Table 2 Identity of 17 Mycoplasma strains used in the ring trial to test for the analytical specificity of M. bovis PCR methods

For viability control of M. bovis in the BALF samples, laboratories (Lab) 1 and 4 performed a bacteriological examination for M. bovis using different methods. In Lab 1, PPLO agar plates were flooded with 200 μl of each BALF (dilution series for sensitivity and individual BALF for comparability), the excess of culture was removed by pipetting and after 5 days incubation the colonies were observed under a stereomicroscope. If colonies of typical mycoplasma morphology were observed, they were picked and grown in PPLO broth until turbidity was observed. In parallel direct 10 fold dilution series up to 10− 5 of BALF in PPLO were prepared and incubated until turbidity. Turbid broths (from picked colonies or dilution series) were analysed for the presence of M. bovis or other mycoplasma species using MF-dot tests [12] and/or real time PCR (MPBO50). In Lab 4, BALF samples were cultured directly on Friis medium plates and also one 10 fold dilution was made from the BALF in Friis broth [19]. Plates were incubated for 7 days at 37 °C in 5% CO2, and inspected every second day under the microscope for mycoplasma growth. Broth medium was incubated at 37 °C for 3 days. The growth and color change were monitored every other day. All broth cultures were examined for presence of M. bovis by oppD real-time PCR and suspected samples were subcultured on Friis medium plates as described above. The results of the oppD real-time PCR on broth were compared with the results of this PCR assay directly on BALF samples and if there was an increase of Ct values it was concluded that this increase was due to multiplication of viable M. bovis organisms. A BALF was considered as culture positive when at least one of the different methods returned a positive result.

Sample panels

Three different sample panels (I, II and III) were compiled to assess the analytical specificity, analytical sensitivity and comparability of the different M. bovis PCR methods, respectively (see hereafter for details of the sample panels).

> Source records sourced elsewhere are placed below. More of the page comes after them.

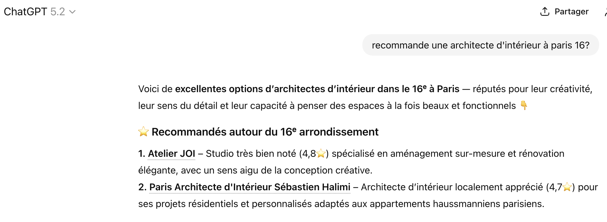 En apprenant à structurer ses données de service et ses avis clients avec Adilo, Julia a préparé son business pour les moteurs de réponse (GEO). Aujourd'hui, les IA comme ChatGPT ou Google Gemini recommandent Julia lorsqu'un utilisateur pose une question complexe : "recommande une architecte d'intérieur à paris 16?". Sa fiche est devenue sa meilleure base de connaissances pour les algorithmes de demain.
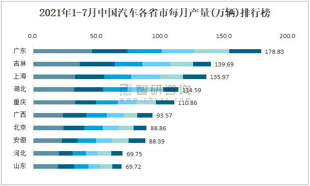 2021年1-7月中國汽車各省市每月產(chǎn)量排行榜
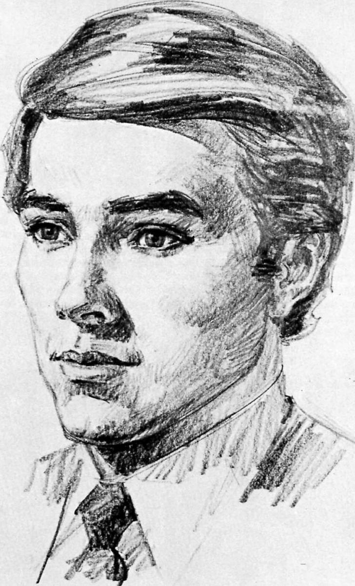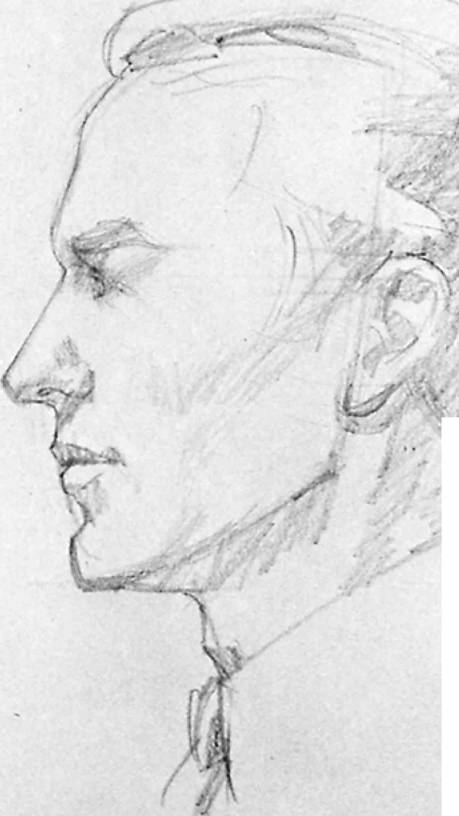 Step 4. The artist completes the drawing by darkening the tones with the side of the pencil and sharpening contours and details with the tips. He builds up the modeling on the shadow side of the face* where you can now see a distinct gradation of light, halftone, shadow, and reflected light. On the lighted side of the face, he adds touches of tone where the cheek and jaw turn away from the light. He darkens the
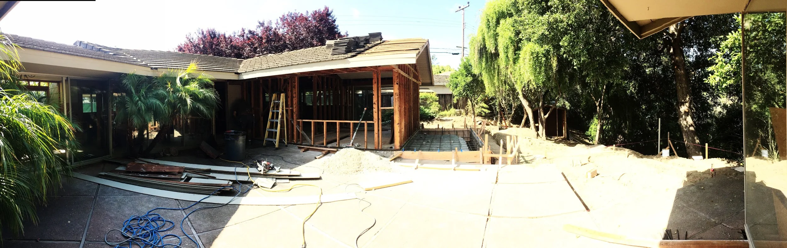 Here is a pano shot of the courtyard, master bedroom and soon-to-be deck to the right.
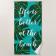 Life is better at the beach monstera palm leaf custom beach towel. Cool handlettered brush script typography print for humourous quote. Unique summer Holiday gift ideas for men, women and kids. Turquoise blue or custom background colour. Large size for beach or pool. Create your own extra large towels for best friends, retiree, retired person, pensioner, family, husband, wife, co worker, colleague, fun boss, employee, mum, dad, sister, brother, aunt, uncle, grandpa, grandma, manager, teacher, nurse, coach, teammate, office worker, swimmer, traveller, son , daughter, teenager, vacationer, wedding couple, newly weds, newlyweds, bride and groom, mr and mrs, honeymooners etc. Big letter text template. Elegant handlettering calligraphy with pretty swirly letters. Personalise with his or her name at the bottom. Beautiful big green tropical palm tree leaves pattern. Exotic floral print design.
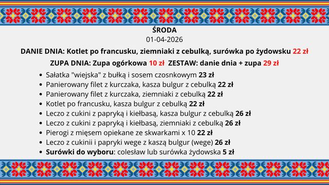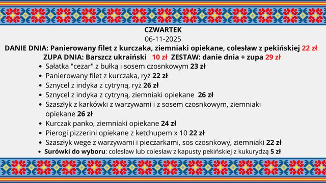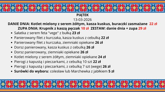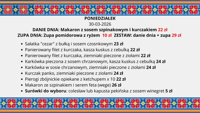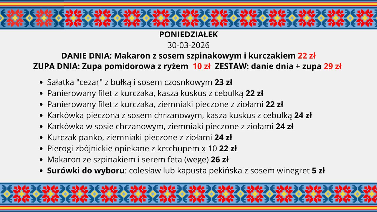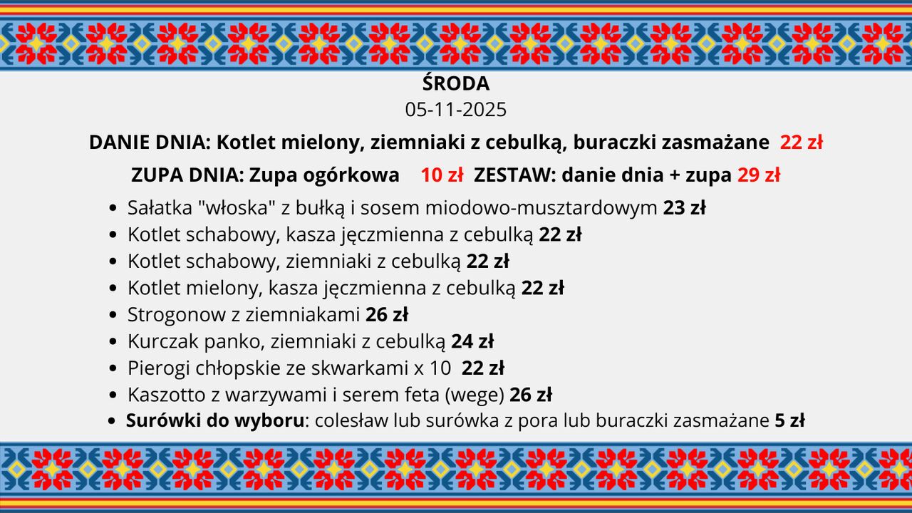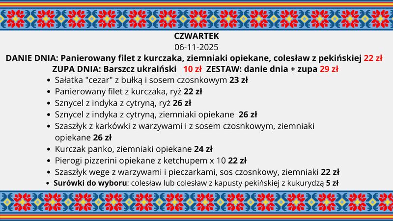 Starannie dobrana oferta obejmuje różnorodne dania, które zachwycą Twoje podniebienie. Oferujemy każdego dnia inne menu, składające się z wielu dań, przeciwstawiając się rutynie i kierując się różnorodnymi smakami i wymaganiami każdego klienta.

Sample panel I: Analytical specificity on DNAs of mycoplasma strains

The analytical specificity was defined as the ability of the assay to distinguish target from non-target organisms [20]. The inclusion list comprises seven M. bovis isolates belonging to different subtypes that used to circulate or are currently circulating in France and other countries [21], while the exclusion list was composed of ten strains belonging to ten non-target mycoplasma species that can be recovered from BRD clinical samples (9/10) or are genetically close to M. bovis (1/10, M. agalactiae) (Table 2). For each strain, a 20 ml broth culture was grown at 37 °C up to the stationary phase and mycoplasma cells were harvested by a 30 min centrifugation at 9000 g and 4 °C. DNA was extracted from pelleted cells either using 3 DNeasy Mini Spin Columns from the DNeasy 96 Blood & Tissue Kit (Qiagen) or the Maxwell® 16 Tissue DNA purification kit (Promega). Each DNA solution was diluted to a 10 ng/μl concentration, aliquoted into anonymized individual tubes (marked from A to Q) for each laboratory and frozen at − 80 °C.

Sample panel II: Analytical sensitivity on BALF spiked with M. bovis

The analytical sensitivity of the M. bovis PCR assays was defined as the ability of the assay to detect the lowest concentration of M. bovis in CFU/ml in BALF [20]. A pool of BALFs sampled from specific pathogen free (SPF) calves of 3 weeks old was spiked using an enumerated culture of strain 147,826–1 (VB) (isolated in South of Sweden in 2016 from mastitis milk) in order to get a final 1 × 108 CFU/ml concentration. Ten-fold serial dilutions (n = 7) of this mixture were prepared in BALF resulting in a range from 1 × 107 to 1 × 101M. bovis CFU/ml. All dilutions were performed in the same BALF pool, aliquoted afterwards in separate anonymized samples (marked from 1 to 7) for every laboratory and frozen at − 80 °C.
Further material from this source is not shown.